Performance/Effectiveness: Device performs as intended and is as effective as the predicate.	"Laboratory testing regarding characteristics was performed... to verify its performance." "A comparison of the descriptive characteristics... demonstrate the CRE™ Balloon Dilatation Catheter is equivalent in its indications for use, while being very similar in design and materials." The FDA's letter indicates the device is substantially equivalent for effectiveness.
Biocompatibility: Materials are safe for patient contact.	"A biocompatibility assessment was performed on the patient- and fluid-contact materials of the CRE™ Balloon Dilatation Catheter with satisfactory results."
Manufacturing Quality: Compliance with quality systems.	The FDA letter states: "A substantially equivalent determination assumes compliance with the Current Good Manufacturing Practice requirement, as set forth in the Quality System Regulation (QS) for Medical Devices: General regulation (21 CFR Part 820) and that, through periodic OS inspections, the Food and Drug Administration (FDA) will verify such assumptions."

2. Sample Size Used for the Test Set and Data Provenance:
This information is not provided as this is a medical device (catheter), not a software/AI device. The "testing" mentioned is likely mechanical, material, and biocompatibility testing, not "test set" in the AI/ML context.

3. Number of Experts Used to Establish Ground Truth and Qualifications:
This information is not provided as it's not relevant to a physical medical device submission for substantial equivalence. "Ground truth" in the AI/ML sense is not established for this type of device.

4. Adjudication Method:
This information is not provided as it's not relevant to a physical medical device submission.

5. Multi-Reader Multi-Case (MRMC) Comparative Effectiveness Study:
No, an MRMC study was not done or reported. This type of study is for evaluating human performance, typically with or without AI assistance, and is not applicable to a physical medical device like a balloon catheter.

6. Standalone (Algorithm Only) Performance:
Not applicable. This device is a physical balloon dilatation catheter, not an algorithm.

7. Type of Ground Truth Used:
Not applicable in the AI/ML sense. For this device, the "truth" is established by adherence to engineering specifications, material properties, and biological safety standards, as verified through laboratory and biocompatibility testing. The predicate devices serve as the benchmark for "truth" in terms of clinical utility and safety profile.

8. Sample Size for the Training Set:
Not applicable. No "training set" in the AI/ML sense is used for this physical device.

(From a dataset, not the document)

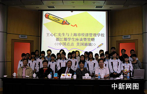 今天的贈書儀式上,王心仁先生與大家分享了他的人生經驗。當了解到去年汶川大地震后上海市經濟管理學校接收了近70名來自上海對口支援地區四川都江堰的學生時,王心仁先生勉勵這些遠離家鄉的同學能夠珍惜學習機會,并向這些學生每人送上了一張上海交通卡,希望他們多多了解這個城市。
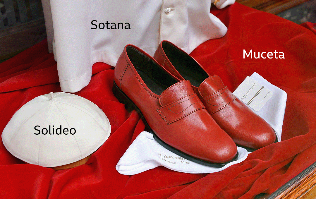 Después de anunciar su nuevo nombre, el papa es trasladado a la llamada "Sala de las Lágrimas", una antesala de la Capilla Sixtina, donde se pone los atuendos papales y accesorios como la sotana blanca, una capa llamada muceta y un solideo blanco.

9. How Ground Truth for the Training Set was Established:
Not applicable.

In summary: The document establishes the device's conformance primarily through bench testing, biocompatibility assessment, and comparison to predicate devices to demonstrate substantial equivalence, rather than through clinical trials or AI/ML specific validation studies.

Summary

Regulation Number and Section

§ 876.5365 Esophageal dilator.

(a)
Identification. An esophageal dilator is a device that consists of a cylindrical instrument that may be hollow and weighted with mercury or a metal olive-shaped weight that slides on a guide, such as a string or wire and is used to dilate a stricture of the esophagus. This generic type of device includes esophageal or gastrointestinal bougies and the esophageal dilator (metal olive).(b)
Classification. Class II (special controls). The device is exempt from the premarket notification procedures in subpart E of part 807 of this chapter subject to the limitations in § 876.9.